I just think that's numbers mean that it is going to be more pressure to do health care in a fiscally responsible way, and he is going to have to really do something about the deficit, whether it's having a Social Security commission the minute he passes the health care, if he does.

He has to convince people that he is serious. He talks about deficit reduction and entitlement reform all the time. I think he has to show them that he means it.

KRAUTHAMMER: All of these deficit events are theatre. I think the real, the drama of Obama presidency is the contest between charisma and reality. And he is the most charismatic, in fact, some Democrats and some of the press think of him as messianic, but at least charismatic president since Reagan and Kennedy, and perhaps more so.

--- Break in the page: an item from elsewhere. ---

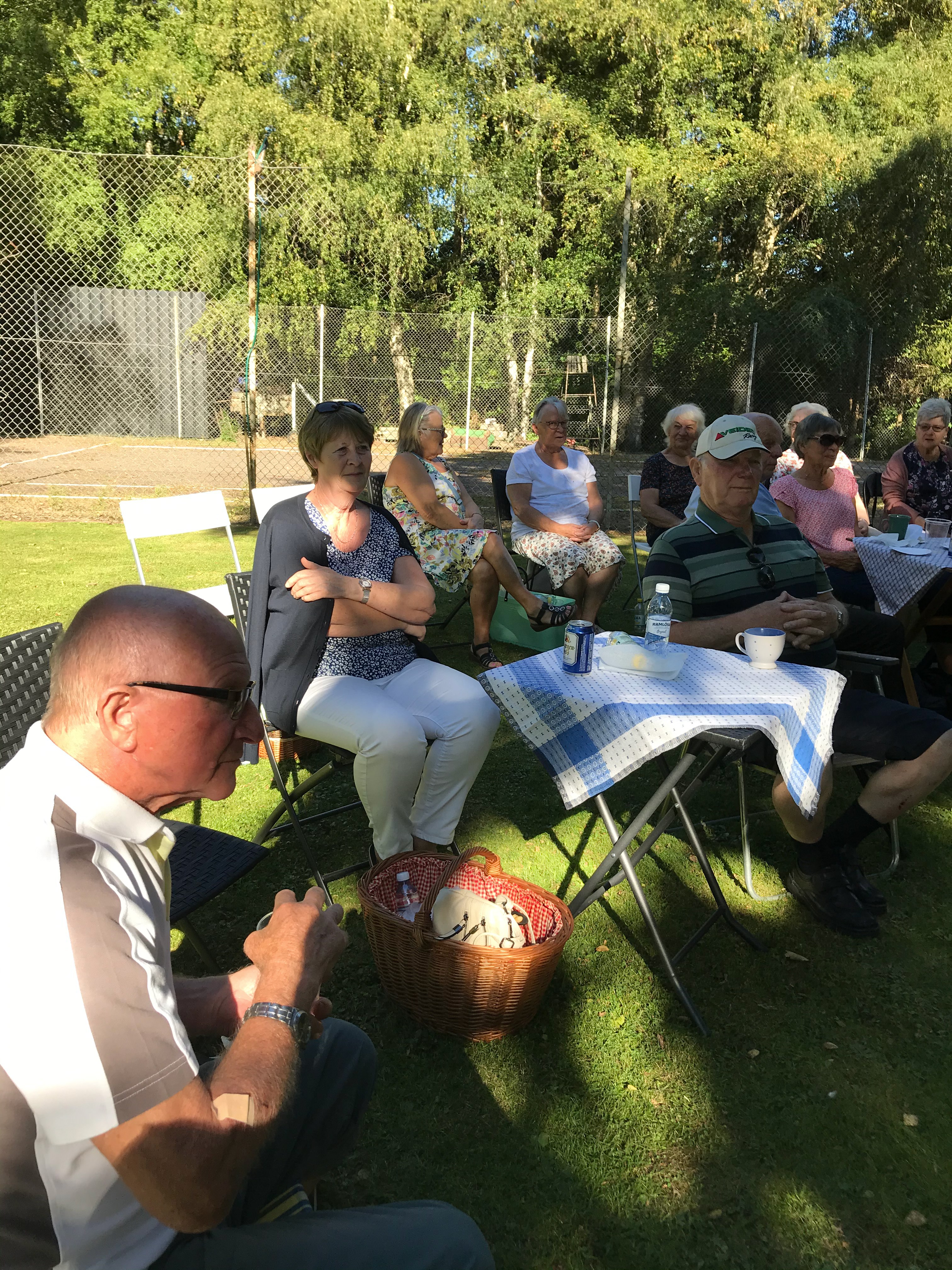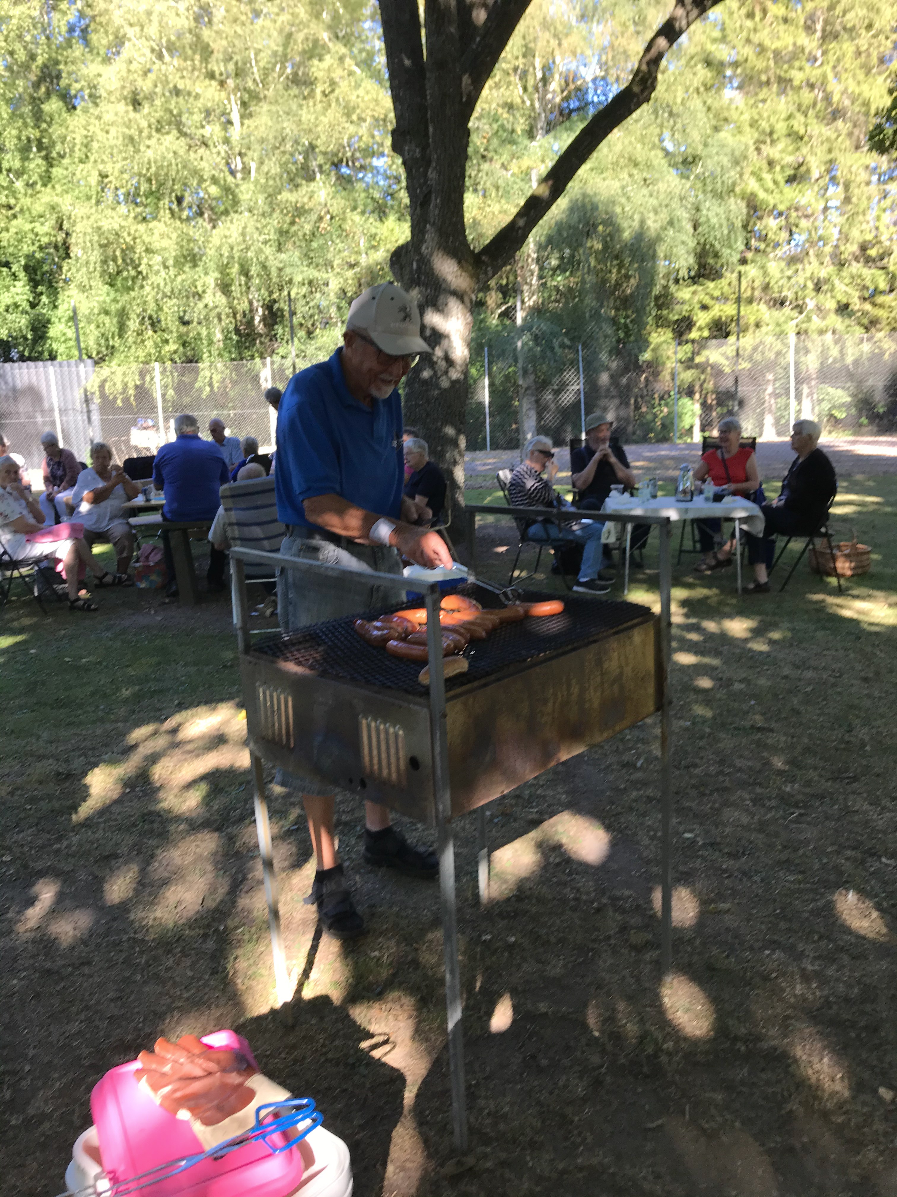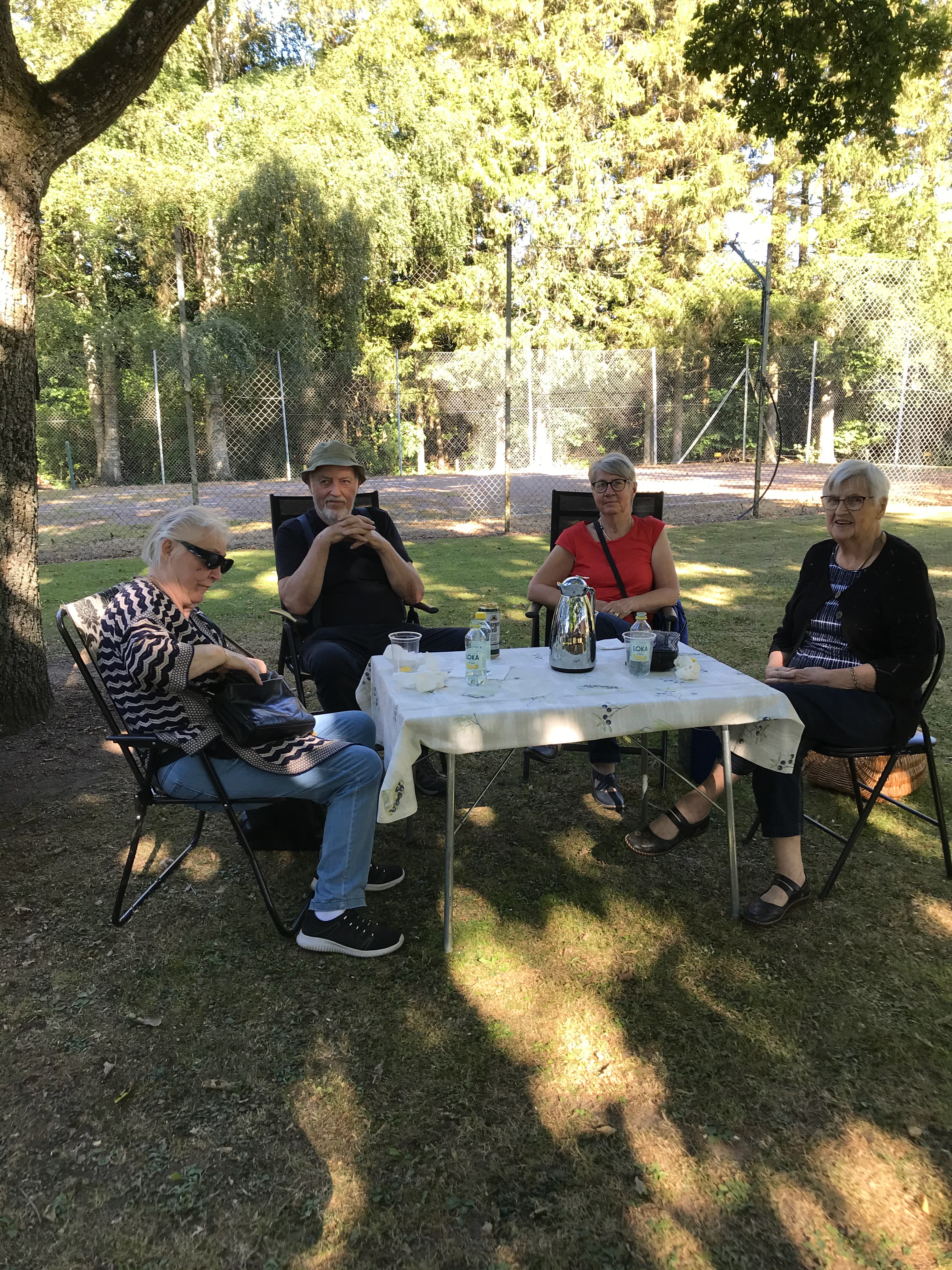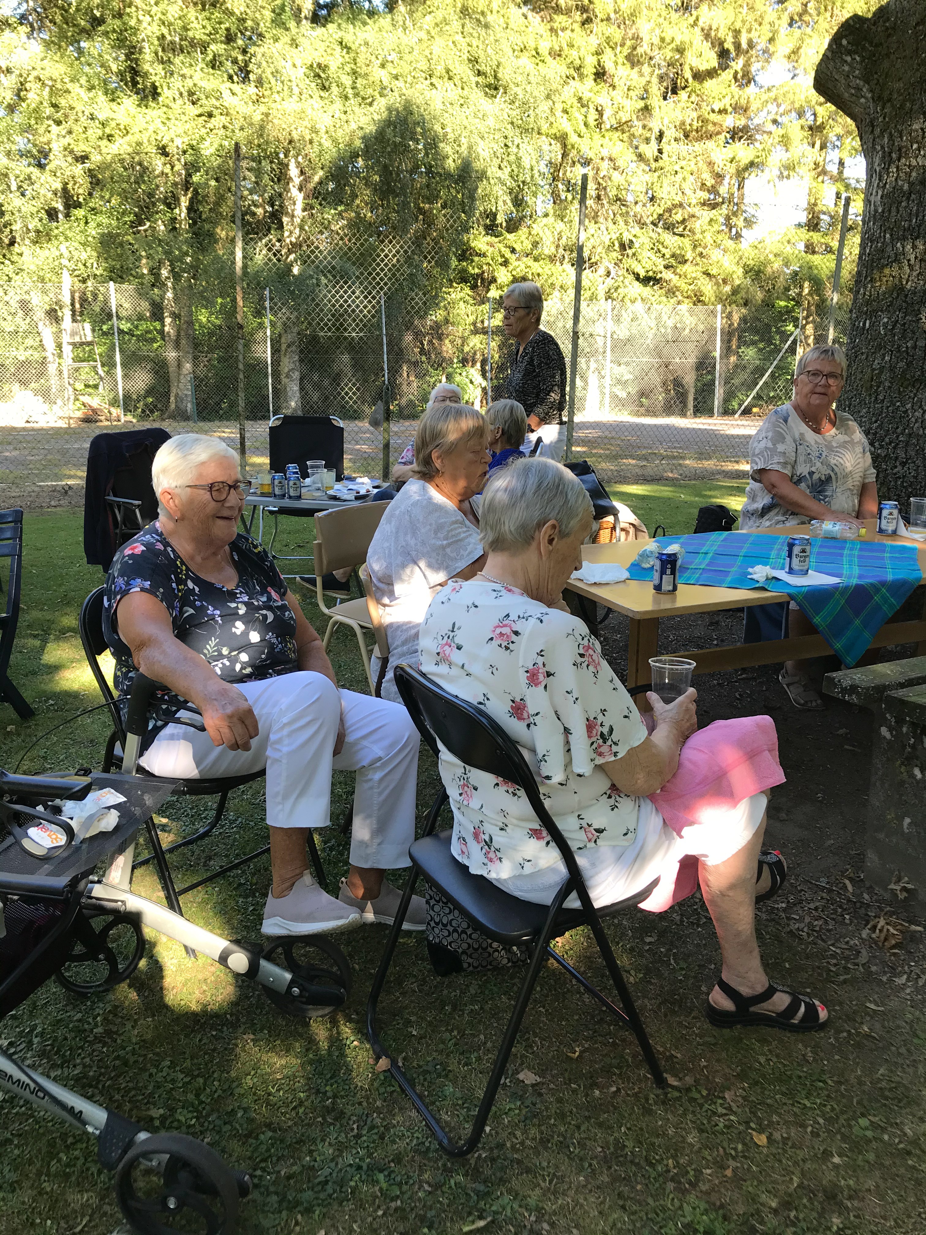 Ett 50-tal medlemmar deltog .Månadsmötet hölls i skuggan på Äsperöds idrottsplats Föreningen bjöd på grillad korv. Tipsrunda med kluriga frågor.

But you have the reality, and you see it in the gap between his own popularity and his policies.

The ones that I think the Democrats ought to have anxiety over are the deficits, the auto takeover and Guantanamo, because each of them is a symbol.

Deficits is the old bugaboo about Democrats as free-spending liberals.

Autos is the idea of Democrats who want to expand the regional authority of government.

And Guantanamo is a double effect, soft on crime — you get those pictures of Uighurs in paradise swimming on the beach in swim trunks in Bermuda — and secondly, soft on national defense, the idea of having terrorists in America. Cheney capitalized on that, and he won in that debate.

On those three items, there is a real gap opening up, and Obama will be able to carry those issues on personal popularity, but only so far. In the end, reality is going to bite him.

BAIER: Quickly, Fred, can Republicans capitalize on what appears to be a focus on the deficit by the American public?

BARNES: Yes, I think they can. And we will see where we are next year.

Ultimately it will be on whether Obama does something about the deficit, as Mara said, and whether the economy is moving at all next year. If it is, and rather crisply, Obama will be in good shape. Otherwise, it will help Republicans.

Actually, what they say now doesn't matter much.